The location of all stakes in the Northwest trial will be Carlson's Farm (The Canine Country Club) in Fall City, WA. Directions and a map are in the premium on Entry Express. See you there.


----------



## Judy Myers (Feb 15, 2009)

Unofficial Open callbacks to 2nd series (21 dogs):

1,2,3,4,5,6,7,8,9,10,12,14,16,21,22,23,25,26,28,29,33


----------



## Gun Dawg (Dec 18, 2010)

Unofficial Open callbacks to 4th series (14 dogs):

1,2,4,5,9,10,14,21,22,23,25,26,28,29.


----------



## Gun Dawg (Dec 18, 2010)

Unofficial AM callbacks to 4th series (11 dogs):

2,3,4,9,11,13,17,19,24,25,31.


----------



## DMA (Jan 9, 2008)

Good job in the open Jamie get some AM color too.


----------



## kirkandlaura (Feb 18, 2008)

Way to go Alex Drent! 1st, 2nd and 4th in the Q and 1st, 3rd and 4th in the derby!! We are proud of you!


----------



## Glenn Norton (Oct 23, 2011)

Great job Again Alex . should give Jim some lessons ha ha


----------



## Don (Apr 10, 2011)

You did good once again!!!


----------



## labsforme (Oct 31, 2003)

Good to hear Alex did well.Jimmy trained him well;  
Don/Glenn do you know the Open and Am results? Thanks and see ya'll at ORTC.

Jeff


----------



## McKenna Kennels (Apr 24, 2010)

1st Magic owned by Ken Lee handled by Jim Gonia
2nd Otis owned by Laura & Kirk Lillebo
3rd Megan owned and Handle by Jamie Graham
4th Boogie owned by Perry Meyring handled by Brooke Vanderbrake
RJ Stealer owned and handled by John Poer


----------



## Gun Dawg (Dec 18, 2010)

AM Results

1st. - FC/AFC Windy -owned and Handle by Bob Crab
2nd. - FC/AFC Kid - owned and Handle by Breck Howard
3rd. - FC/AFC Otis - owned and Handle by Kirk Lillebo
4th. - FC/AFC Kate - owned and Handle by Marion Carey
JR. - Mia - owned and Handle by Dave Plesko
Jam - Megan - owned and Handle by Jamie Graham


----------



## McKenna Kennels (Apr 24, 2010)

The 3rd for Otis qualifies him for the Vermont Am National!! 
Congrats Kirk and Laura WAY TO GO!!!


----------



## stonybrook (Nov 18, 2005)

kirkandlaura said:


> Way to go Alex Drent! 1st, 2nd and 4th in the Q and 1st, 3rd and 4th in the derby!! We are proud of you!
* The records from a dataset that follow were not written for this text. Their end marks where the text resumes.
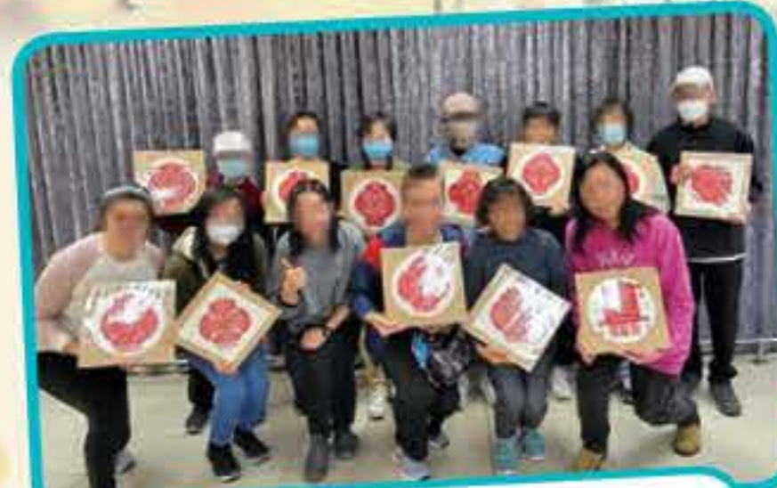
新年剪紙藝術體驗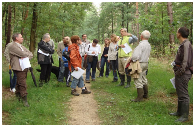
Participation des parties prenantes.

La gouvernance des déchets radioactifs , centrée autour de l'implantation des sites de stockage des déchets radioactifs et du processus de participation des collectivités locales et d'autres parties prenantes dans la prise de décisions.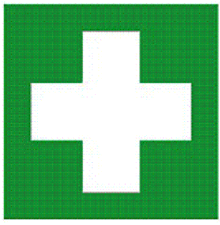
Primāras palīdzības zīme Nr.8.1.**

Uzlīmēt zīmes uz durvīm un jumta noteiktajā vietā, kur tiks izvietoti ugunsdzēsamais aparāts un aptieciņa.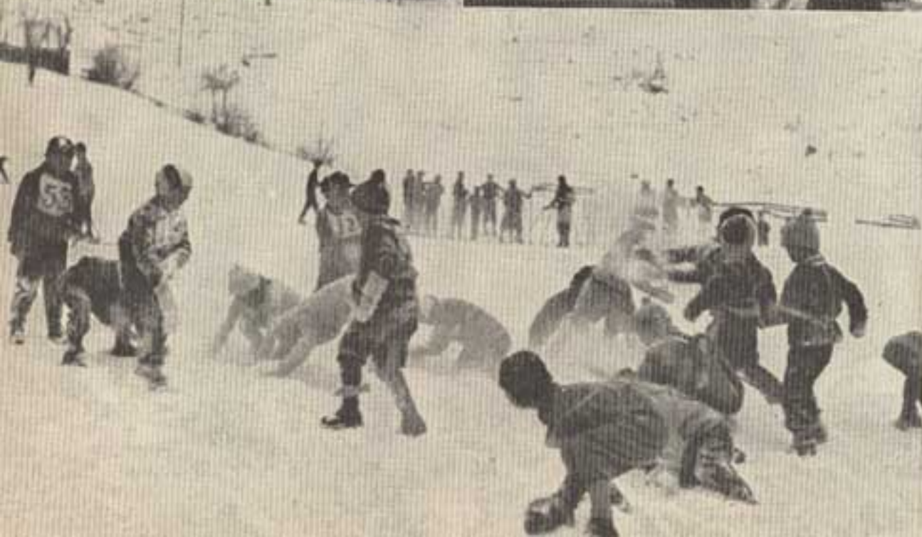
Eine Schneeballschlacht darf nicht fehlen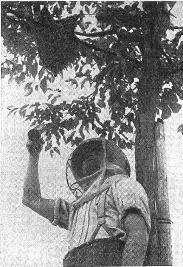
Ein Bienenschwarm ist ausgeflogen. Der Imker bestäubt ihn zum Beruhigen der Bienen mit Wasser.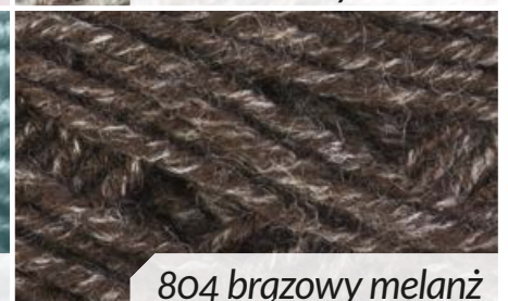
804 brązowy melanz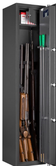
Art. WF 145-5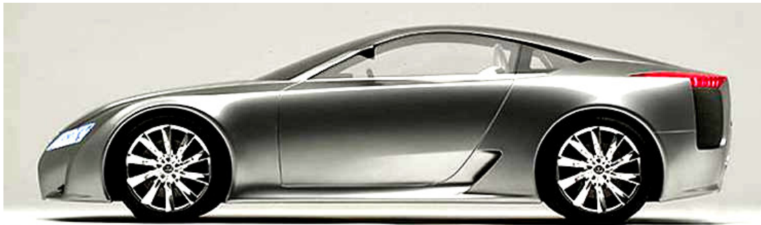
75. d) ábra: kupé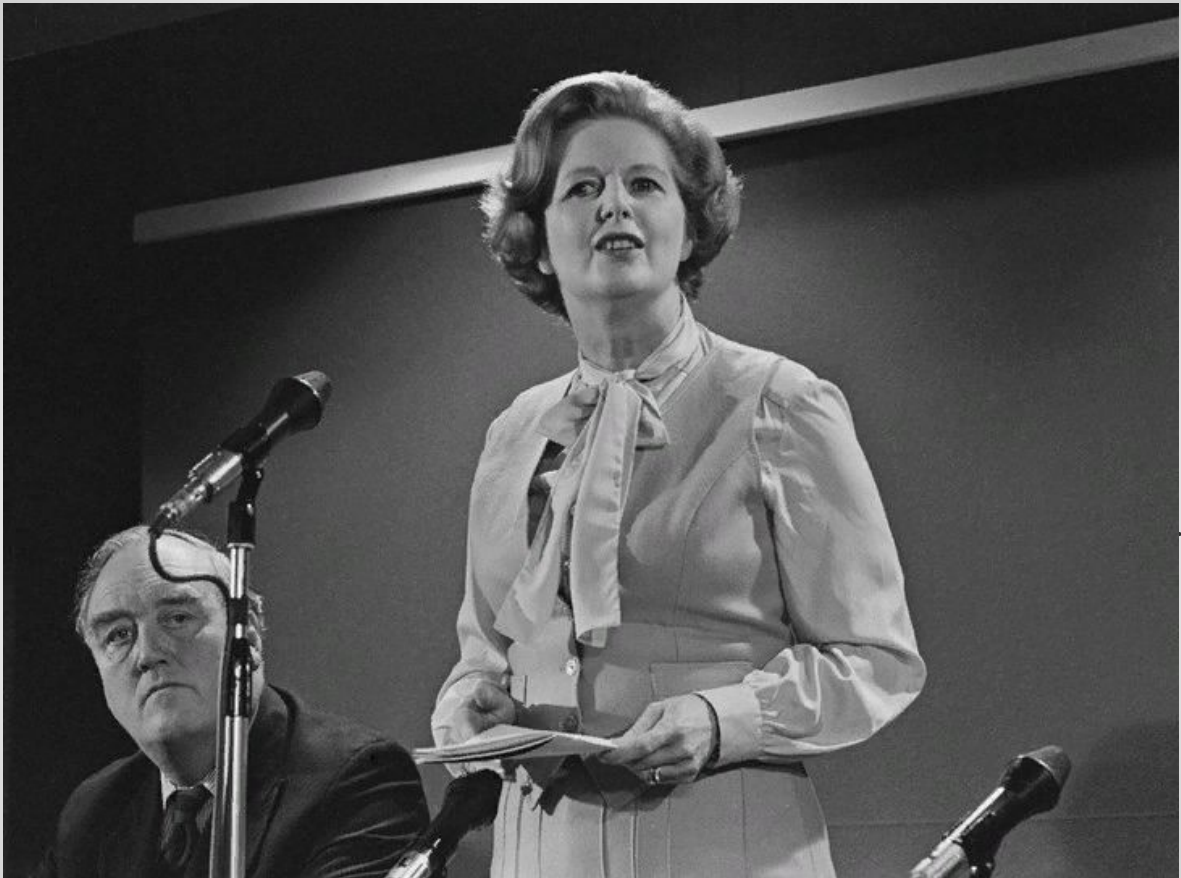
Маргарет произносит речь в рамках своей предвыборной кампании, 11 апреля 1979 года. Меньше, чем через месяц, она станет первой женщиной премьер-министром Великобритании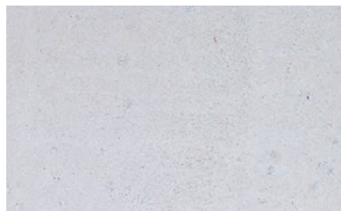
エフロストップを使用しない場合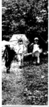
茅野市で、梅雨入り後の様子。大雨の恐れがあるため、警戒を呼び出している。

関東甲信梅雨入り 大雨の恐れ、警戒を 関東甲信地方は9日、梅雨明けを告げる曇り空が続き、午後からは大雨の恐れがある。気象庁は、大雨による土砂災害や冠水などの危険性を警戒している。茅野市では、河川の水位が上昇しているため、警戒を呼び出している。 茅野市では、河川の水位が上昇しているため、警戒を呼び出している。気象庁は、大雨による土砂災害や冠水などの危険性を警戒している。茅野市では、河川の水位が上昇しているため、警戒を呼び出している。

Anyone care to share the placements, please?


----------



## jgrammer (Jun 23, 2008)

Congratulations to all that placed/finished that very tough Am 4th series. Very glad to hear Otis is now qualified for the Nat'l Am!


----------



## Don (Apr 10, 2011)

Congratulations Kirk and Otis !!!


----------